Kayhan Kalhor (, , born 24 November 1964) is an Iranian-Kurdish kamancheh and setar player and vocal composer. He has received three Grammy Award for Best Traditional World Music Album nominations. Kalhor also has earned two nominations and won one Grammy Award for Best Global Music Album as a member of the Silk Road Ensemble.

Early life and education
Kayhan Kalhor was born in Tehran to a Kurdish family. He began studying music at the age of seven. By the age of thirteen, he was playing in the National Orchestra of Radio and Television of Iran. Continuing his music studies under various teachers, he studied in the Iranian radif tradition and also travelled to study in the northern part of Khorasan province, where music traditions have Kurdish and Turkic influences as well as Persian. At a musical conservatory in Tehran, Kalhor worked under the directorship of Mohammad-Reza Lotfi who is from the north-east of Iran. Kalhor also travelled in the northwestern provinces of Iran. At age 17, he left Iran and moved to Italy to study music in Rome. He migrated to Italy by land, walking through Turkey, Romania, and Yugoslavia, picking up menial farm work along the way to support himself. After studying music in Rome, he moved to Canada, where he graduated from the music program at Carleton University in Ottawa.

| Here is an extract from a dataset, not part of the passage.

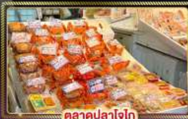
ตลาดปลาโอไก

Four years after Kalhor left Iran, his parents and brother were killed in an Iraqi missile attack during the Iran-Iraq War.

Career

Kalhor has a wide range of musical influences, uses several musical instruments, and crosses cultural borders with his work, but at his center he is an intense player of the Kamancheh. In his playing Kalhor often pins Iranian classical music structures to the rich folk modes and melodies of the Kurdish tradition of Iran.

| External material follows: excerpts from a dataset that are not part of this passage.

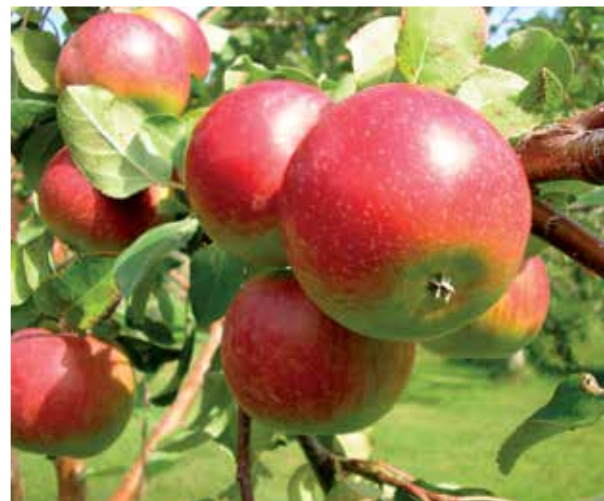
La pomme Fameuse est l’une des plus anciennes et des plus réputées du Québec.

« Chez Ruralys, on voulait revaloriser ces variétés anciennes [de prunes, de pommes, de poires], les répertorier, les sauvegarder et les remettre en circulation », raconte Dominique Lalande. Un colossal travail de repérage a d’abord été effectué pour
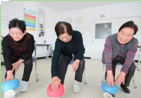
まる元 (毎週火曜日)
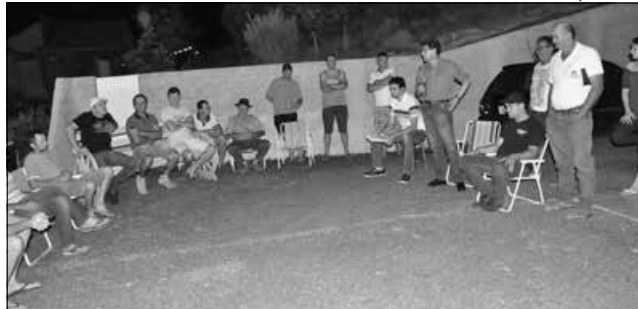
Projeto que contempla calçamento das ruas do bairro foi apresentado aos moradores

Kalhor has composed works for and played alongside the famous Iranian vocalists Mohammad Reza Shajarian and Shahram Nazeri. He has also composed and performed with the Indian sitar player Shujaat Husain Khan and Indian tabla player Swapan Chaudhuri in the group Ghazal. Kalhor's 2004 album In the mirror of the Sky was a joint venture with the Iranian lute player Ali Akbar Moradi. His 2006 album The Wind is a collaboration with the Turkish baglama virtuoso Erdal Erzincan, with both Turkish and Persian pieces performed. At other times Kalhor has collaborated with Yo-Yo Ma's Silk Road Project Ensemble in the US and the Kronos Quartet.

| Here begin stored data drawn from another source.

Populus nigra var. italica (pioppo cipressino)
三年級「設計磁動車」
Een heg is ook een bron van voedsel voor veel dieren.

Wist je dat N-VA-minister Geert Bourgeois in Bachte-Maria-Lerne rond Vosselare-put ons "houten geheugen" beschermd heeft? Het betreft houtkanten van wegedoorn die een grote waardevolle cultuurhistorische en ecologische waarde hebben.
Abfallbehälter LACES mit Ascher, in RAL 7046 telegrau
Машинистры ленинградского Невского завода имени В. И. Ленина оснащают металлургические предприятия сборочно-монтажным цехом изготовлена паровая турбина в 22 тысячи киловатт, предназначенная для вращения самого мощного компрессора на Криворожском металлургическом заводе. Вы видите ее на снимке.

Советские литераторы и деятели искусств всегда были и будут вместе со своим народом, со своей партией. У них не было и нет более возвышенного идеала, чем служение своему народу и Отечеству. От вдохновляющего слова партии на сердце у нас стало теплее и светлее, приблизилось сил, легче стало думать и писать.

In 1991, after having graduated from Carleton University and obtained Canadian citizenship, Kalhor moved to the United States, settling in Brooklyn, New York City, and became commercially successful. By the late 1990s, he was recording solo albums that grew into collaborations with other artists. In 2000, he was invited to Massachusetts for a collaboration with dozens of international musicians, a project which grew into the Silk Road Ensemble. Two of his works were nominated for Grammy Awards in 2004.

Kalhor returned to Iran in 2002 due to increased anti-Muslim sentiment in the US following the September 11 attacks. There, he settled in Tehran and met his partner Zohreh Soltanabadi. Although he had intended to stay in Iran, he decided to leave in the aftermath of the 2009 Iranian presidential election protests and returned to the United States with Soltanabadi, where they married and settled in Cherry Valley, California.

In 2010 Kalhor composed "I was there", which was based "on a melody attributed to Ziryab, a ninth-century Iranian musician", for a Maya Beiser concert. This piece was performed by Kalhor alongside Maya Beiser, the renowned cellist Bassam Saba, an oud player, and two percussionists, Glen Velez and Matt Kilmer.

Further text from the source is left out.